There are many advantages to this modular way of organizing contents.
Having input data as independent components that are not altered (only
consumed) by an analysis does not conflate the data for
an analysis with the results or the code, thus assisting understanding
the project for anyone unfamiliar with it.
But more than just structure, this organization aids modular reuse or
publication of the individual components, for example data. In a
YODA-compliant dataset, any processing stage of a data component can
be reused in a new project or published and shared. The same is true
for a whole analysis dataset. At one point you might also write a
scientific paper about your analysis in a paper project, and the
whole analysis project can easily become a modular component in a paper
project, to make sharing paper, code, data, and results easy.
The use case :ref:`usecase_reproducible_paper` contains a step-by-step instruction on
how to build and share such a reproducible paper, if you want to learn
more.


.. figure:: ../artwork/src/img/dataset_modules.svg
   :width: 100%
   :name: dataset_modules
   :alt: Modular structure of a data analysis project

   Data are modular components that can be reused easily.

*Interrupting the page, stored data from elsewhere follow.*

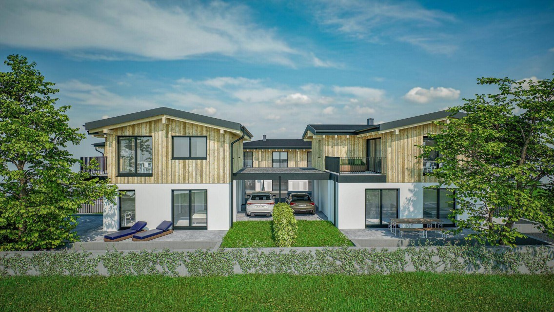 Haus 4 verfügt über eine Gesamtnutzfläche von ca. 150,26 m² und ist voll unterkellert. Zwei Stellplätze sind im Kaufpreis inbegriffen. Im Erdgeschoss lädt eine großzügige Terrasse mit angrenzendem Garten zum Verweilen ein, während im Obergeschoss ein Balkon den Blick auf die umliegende Bergwelt freigibt. Reine Wohnfläche EG+OG 97,84 m², Wohnnutzfläche inkl. UG 150,26 m². Balkon- und Terrassenflächen ca. 41,47 m².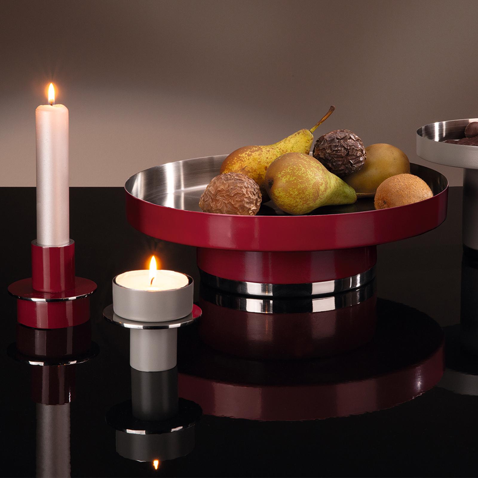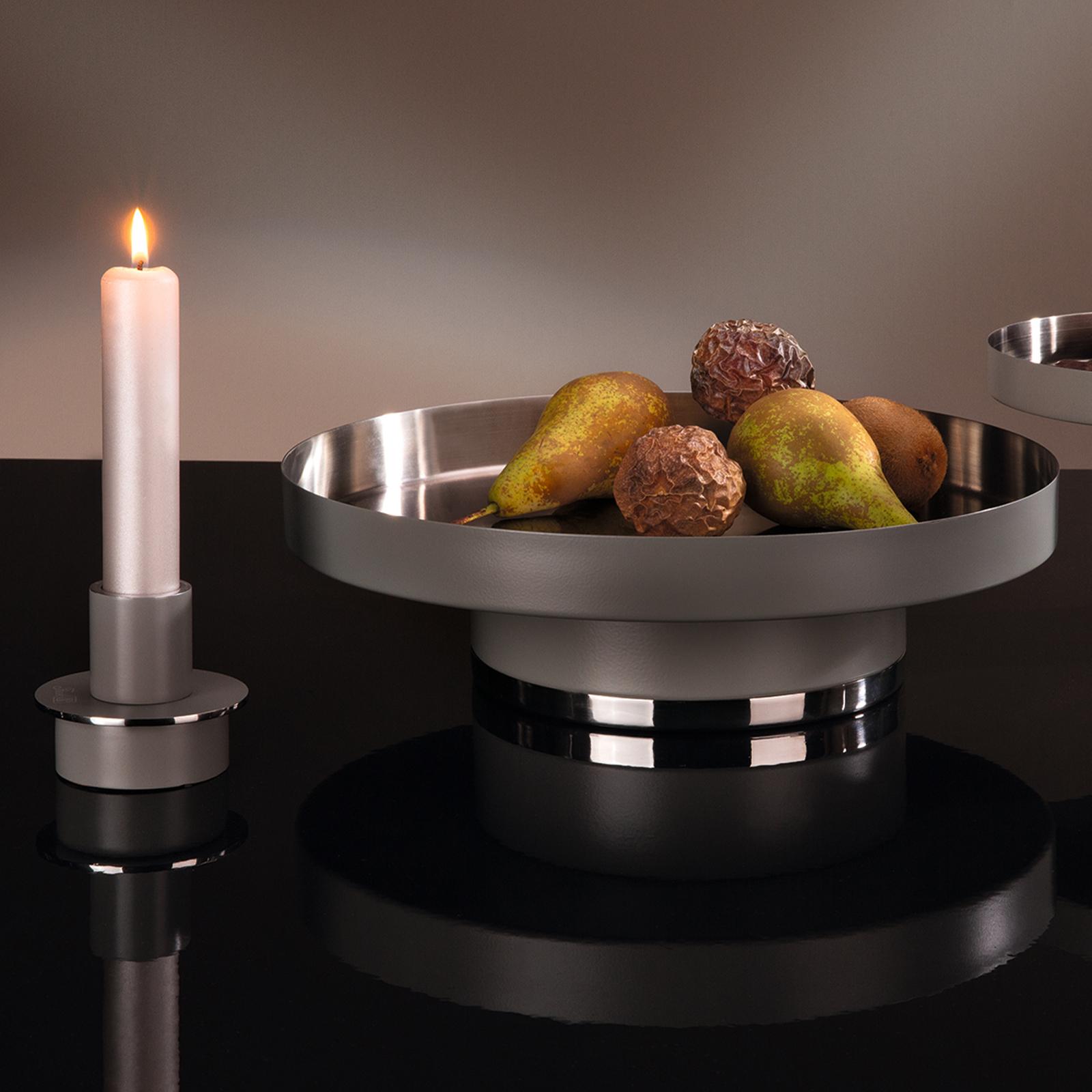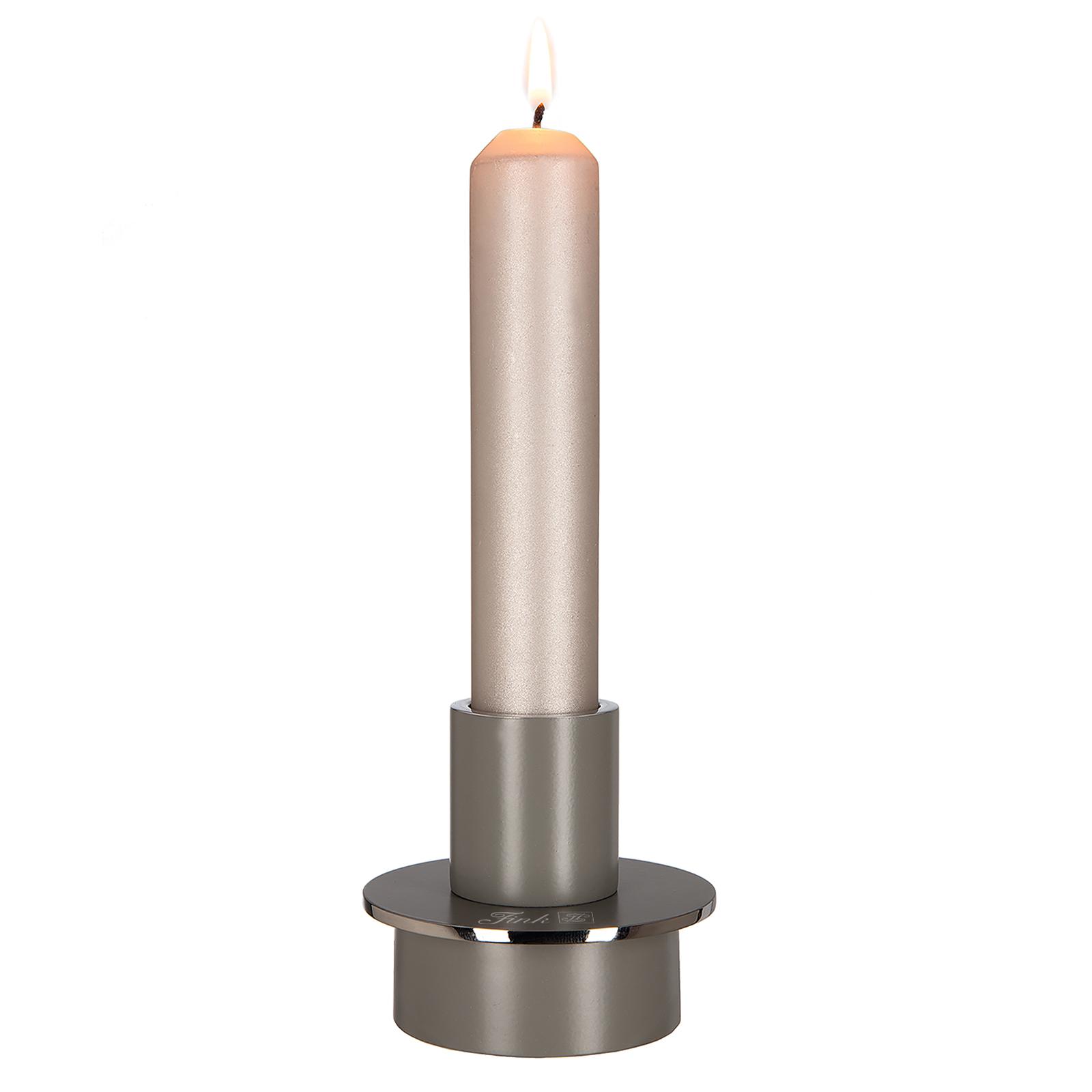 • Länge ca.: 8 cm • Breite ca.: 8 cm • Höhe ca.: 6,8 cm • Durchmesser ca.: 8 cm • Serie: Fink Living • Kapazität: für Stabkerzen Ø 3 cm & Teelichter Ø 6 cm • Ausführung: 1-flammig • Material: Aluminium • Material 1: Edelstahl • Beschichtung: pulverbeschichtet • spülmaschinengeeignet: nein • Farbe: grau-silber • Eigenschaft: beidseitig verwendbar • Form: rund • Umgebungsnutzung: Für Innenbereich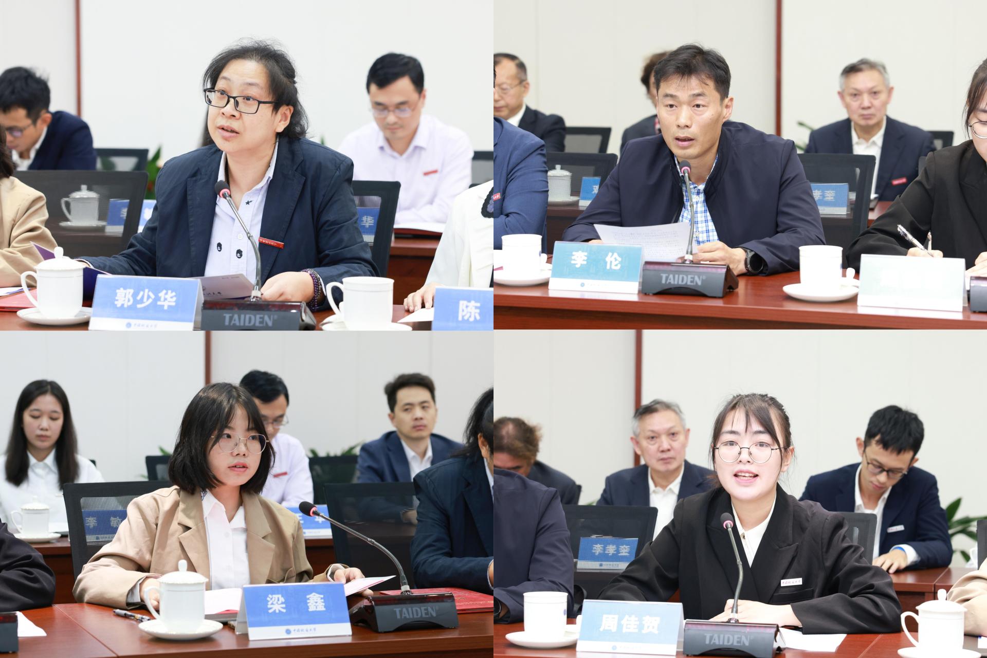 中南财经政法大学教师郭少华、国家治理学院研究生梁鑫,欧博体育学院副院长李伦、公共管理学院本科生周佳贺等师生代表围绕两校深化战略合作、促进共同发展交流发言。大家表示,两校合作,能够发挥优势,促进资源共享,为提高两校人才培养质量,适应时代发展需求,服务国家战略、区域发展奠定基础,有助于在两校“双一流”建设进程中互利共赢,为加快建设教育强国、全面建设社会主义现代化国家作出新的更大贡献。
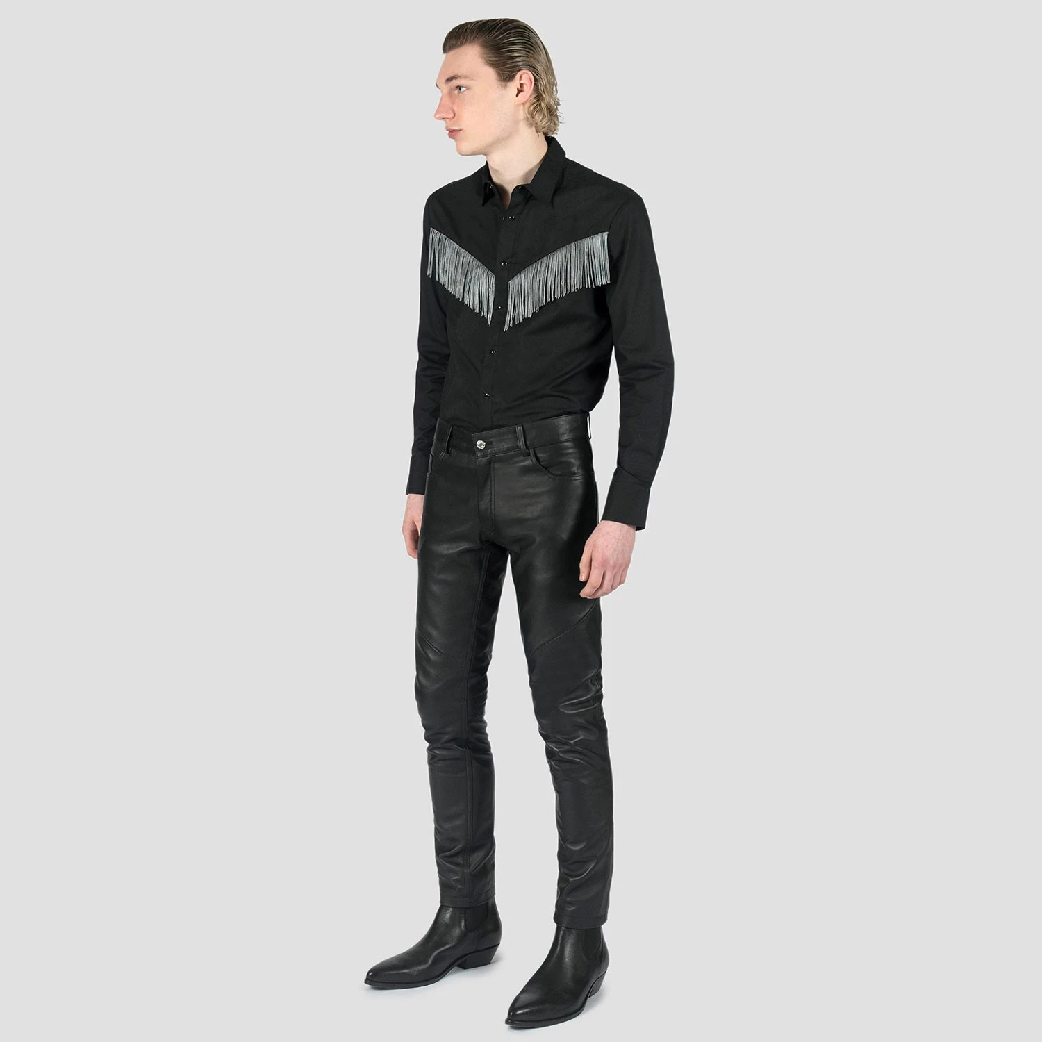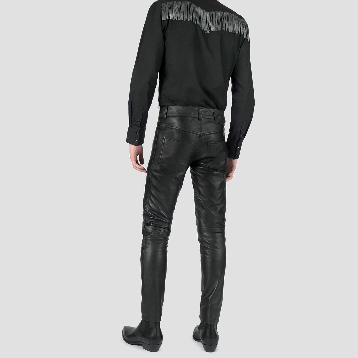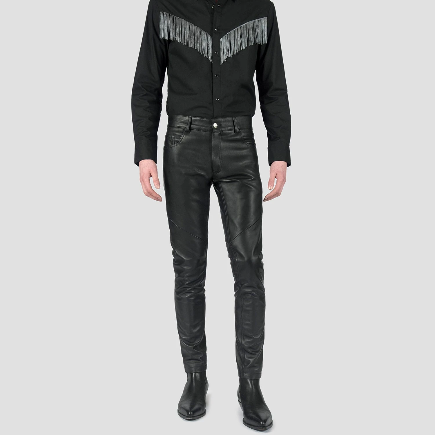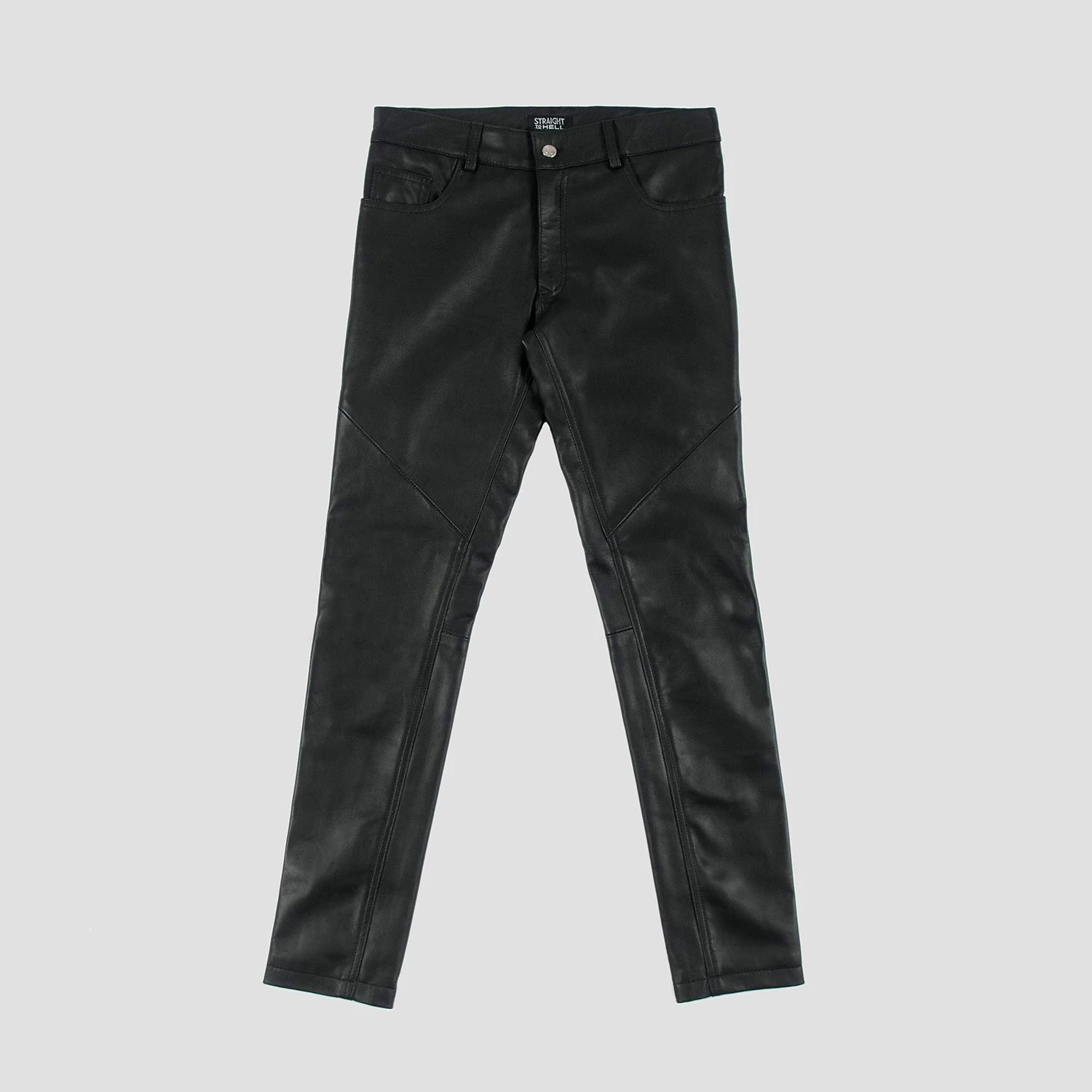 Leather pants in the Skinny James. Skinny and our tightest fit. Premium leather is supple to the touch and durable when worn. Medium rise, slight stretch, with a tapered ankle.

The directory tree above and :numref:`dataset_modules` highlight different aspects
of this principle. The directory tree illustrates the structure of
the individual pieces on the file system from the point of view of
a single top-level dataset with a particular purpose. For example, it
could be an analysis dataset created by a statistician for a scientific
project, and it could be shared between collaborators or
with others during development of the project. In this
superdataset, code is created that operates on input data to
compute outputs, and the code and outputs are captured,
version-controlled, and linked to the input data. Each input data in turn
is a (potentially nested) subdataset, but this is not visible
in the directory hierarchy.
:numref:`dataset_modules`, in comparison, emphasizes a process view on a project and
the nested structure of input subdataset:
You can see how the preprocessed data that serves as an input for
the analysis datasets evolves from raw data to
standardized data organization to its preprocessed state. Within
the ``data/`` directory of the file system hierarchy displayed
above one would find data datasets with their previous version as
a subdataset, and this is repeated recursively until one reaches
the raw data as it was originally collected at one point. A finished
analysis project in turn can be used as a component (subdataset) in
a paper project, such that the paper is a fully reproducible research
object that shares code, analysis results, and data, as well as the
history of all of these components.

Principle 1, therefore, encourages to structure data analysis
projects in a clear and modular fashion that makes use of nested
DataLad datasets, yielding comprehensible structures and reusable
components. Having each component version-controlled --
regardless of size --  will aid keeping directories clean and
organized, instead of piling up different versions of code, data,
or results.

.. _P2:

P2: Record where you got it from, and where it is now
^^^^^^^^^^^^^^^^^^^^^^^^^^^^^^^^^^^^^^^^^^^^^^^^^^^^^

It is good to have data, but it is even better if you and anyone you
collaborate or share the project or its components with can find
out where the data came from, or how it
is dependent on or linked to other data. Therefore, this principle
aims to attach this information, the data's :term:`provenance`, to the components of
your data analysis project.

Luckily, this is a no-brainer with DataLad, because the core data structure
of DataLad, the dataset, and many of the DataLad commands already covered
up to now fulfill this principle.

If data components of a project are DataLad datasets, they can
be included in an analysis superdataset as subdatasets. Thanks to
:dlcmd:`clone`, information on the source of these subdatasets
is stored in the history of the analysis superdataset, and they can even be
updated from those sources if the original data dataset gets extended or changed.
If you are including a file, for example, code from GitHub,
the :dlcmd:`download-url` command, introduced in section :ref:`populate`,
will record the source of it safely in the dataset's history. And if you add anything to your dataset,
from simple incremental coding progress in your analysis scripts up to
files that a colleague sent you via email, a plain :dlcmd:`save`
with a helpful commit message goes a very long way to fulfill this principle
on its own already.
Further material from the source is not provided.